The Latest on LATE: A New Form of Dementia
Written By: BrightFocus Editorial Staff
Written By: BrightFocus Editorial Staff
Learn about a new form of dementia, called LATE. The article discusses how many people may have this form of dementia, the brain regions that are affected by this disorder, how it is currently diagnosed, and the next steps for research.
This is a summary of a more comprehensive article on LATE.
At the request of the National Institutes of Health, a group of neurodegenerative disease experts in topics ranging from neuropathology, psychiatry, gerontology, brain imaging and epidemiology (the study of how often diseases occur in different groups of people and why) met in late 2018 to consider better defining or re-conceptualizing a group of brain abnormalities and related symptoms that appeared to represent a previously poorly described (or understood) disease.

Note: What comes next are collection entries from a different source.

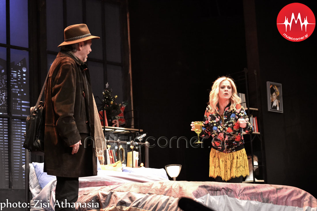 Η παράσταση μας μεταφέρει στο διαμέρισμα της πρωταγωνίστριας στη Νέα Υόρκη. Ένα μεγάλο κρεβάτι δηλώνει τον έρωτα και την ανάγκη για συντροφικότητα, ένα χριστουγεννιάτικο δέντρο αναβοσβήνει την πιο χαρούμενη και συνάμα πιο θλιβερή γιορτή του χρόνου, περούκες, χαρτιά και στυλό αναζητούν το μεγάλο ρόλο, το ρόλο της διαφυγής μιας μέτριας ζωής.
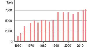 Im März 2014 gab es in Berlin rund 7600 Taxis[7] (1960: 1172 Taxis, Januar 2012: 7397 Taxis, siehe Grafik) und etwa 18.000 Fahrer.[8]
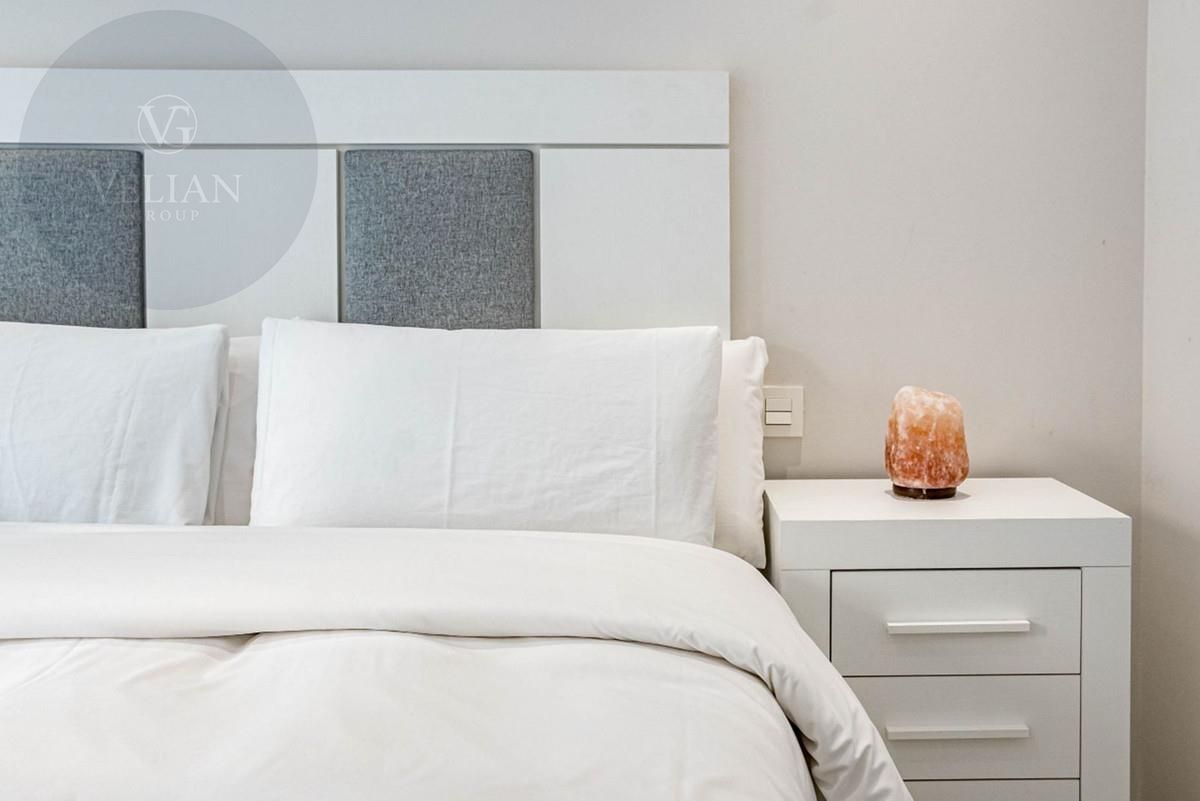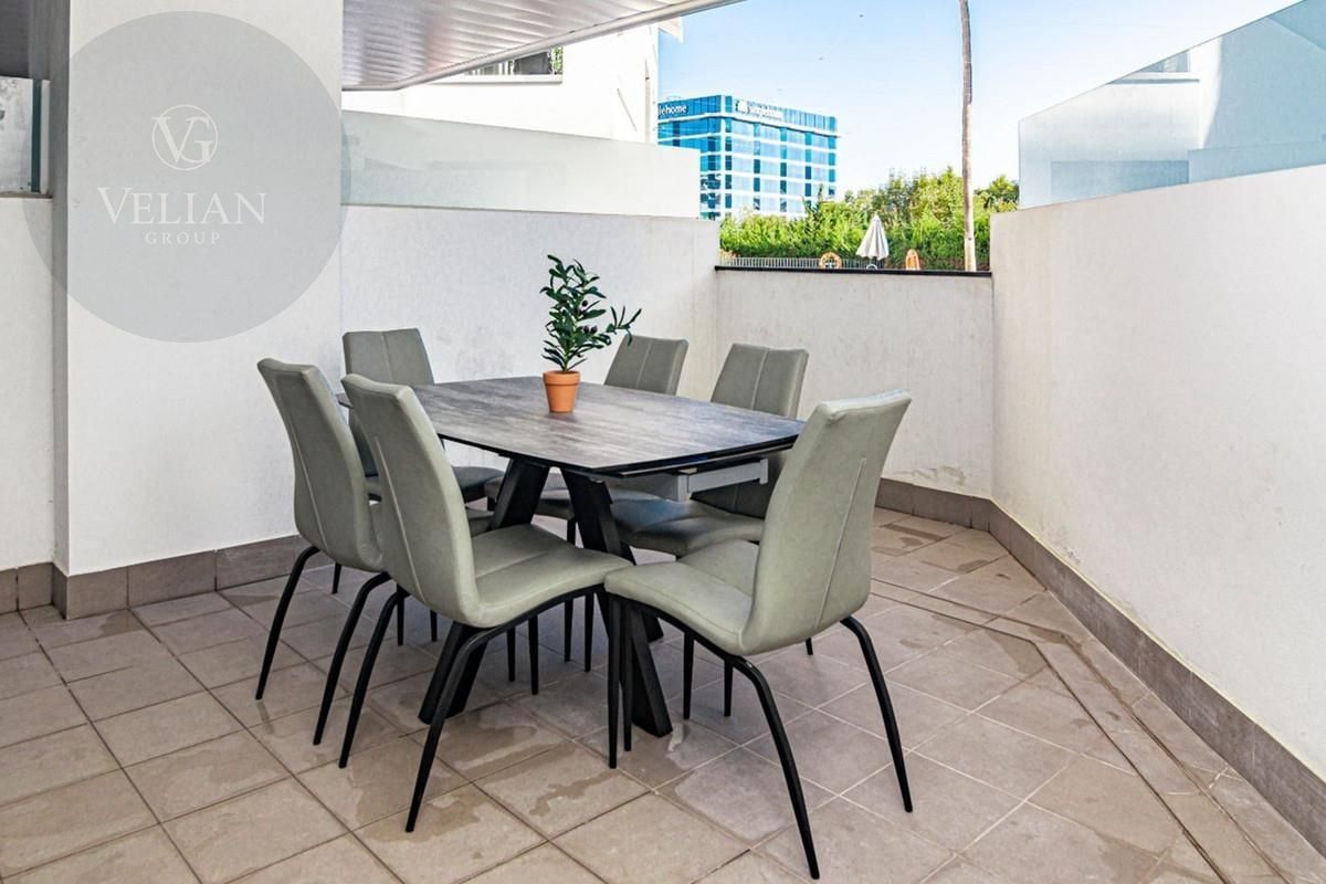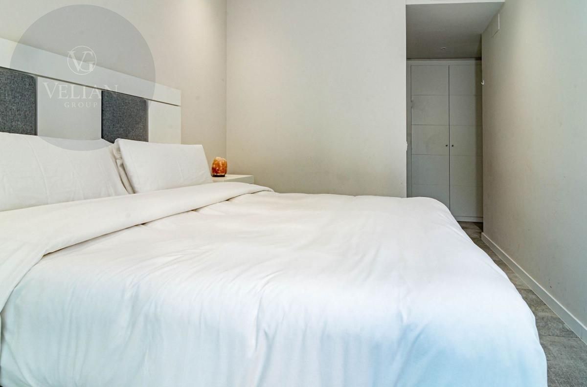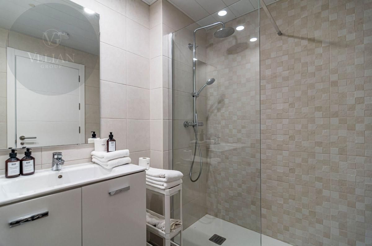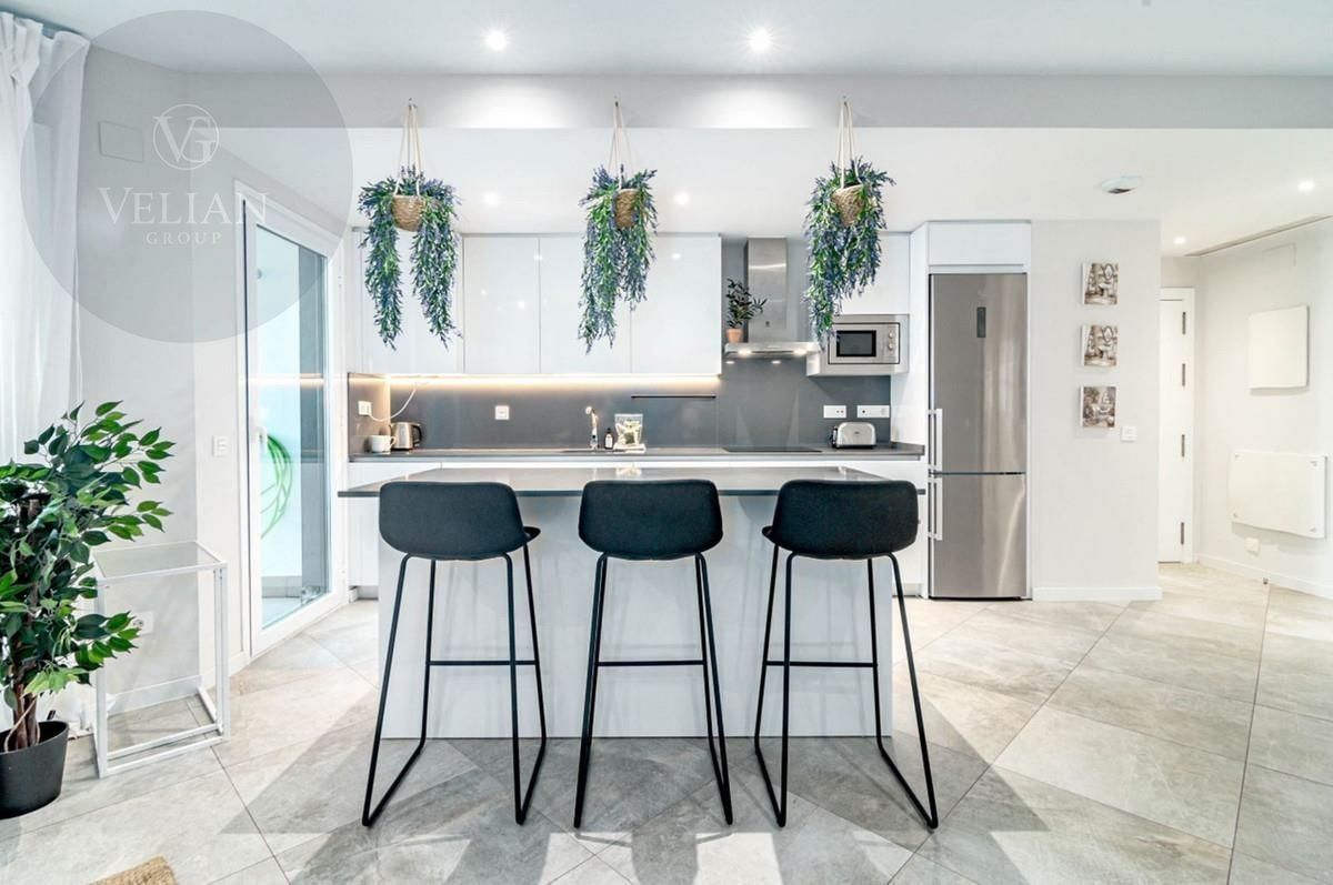 Su distribución: al entrar nos encontramos con un amplio salón con cocina abierta ambas estancias se comunican con la terraza cubierta en el lado derecho, hacia la izquierda tenemos un pasillo donde encontramos en el lado izquierdo el baño de invitados, justo en frente un dormitorio con armarios empotrados, seguimos el pasillo y nos encontramos con otro dormitorio con armarios y al fondo se encuentra el dormitorio principal con una zona de vestidor, el baño en suite y acceso a la terraza descubierta grande. Todas las estancias son exteriores y sus ventanas dan hacia las terrazas privadas. La vivienda dispone de mucho almacenaje; además de los armarios de los dormitorios y el vestidor, la vivienda dispone de armario en la entrada y en el pasillo que conecta los dormitorios.

The experts coined a new descriptive term, “Limbic-predominant Age-related TDP-43 Encephalopathy”, or LATE, to recognize and define this new disease and the major brain areas affected. They noted that the brain abnormalities are strongly associated with a dementia that can mimic Alzheimer’s disease (AD) or frontotemporal dementia (FTD).
LATE is different from other brain diseases associated with the TDP-43 protein, including forms of frontotemporal lobar degeneration, AD, and amyotrophic lateral sclerosis (ALS). This conclusion is based on where the TDP-43 protein is found in the brain, symptoms, and epidemiology.
Notably, in community-based observational studies, LATE is estimated to be present in up to 50 percent of older adults, usually referring to those over 70 – 80 years of age, with many not yet diagnosed with the symptoms of dementia. LATE has an enormous, but largely unrecognized public health impact, among persons age 80 years of age and older.
Currently, LATE can only be diagnosed exclusively by laboratory testing of the brain after death to establish the presence, abundance and distribution of the TDP-43 protein deposits. For these reasons, a working group was convened to develop diagnostic criteria for LATE, aiming to both stimulate research and to promote awareness of this pathway to dementia.
Although LATE appears to primarily affect the medial temporal lobe of the brain, imaging studies have demonstrated that individuals with LATE also have atrophy (the wasting away and death of cells) in the frontal lobes and other brain regions.
Genetic studies have indicated that a number of genes appear to increase the risk for LATE. These discoveries suggest that LATE shares features of frontotemporal lobe dementia that that is associated with the TDP-43 protein as well as AD, but also that there may be other underlying mechanisms.
There remain many gaps in our understanding of LATE, including the absence of a diagnostic method, such as a blood test or brain imaging, for clinical detection of LATE. Not only is more research needed to develop a diagnostic tool, but also to better define the disease’s risk factors and begin testing possible therapies in clinical trials.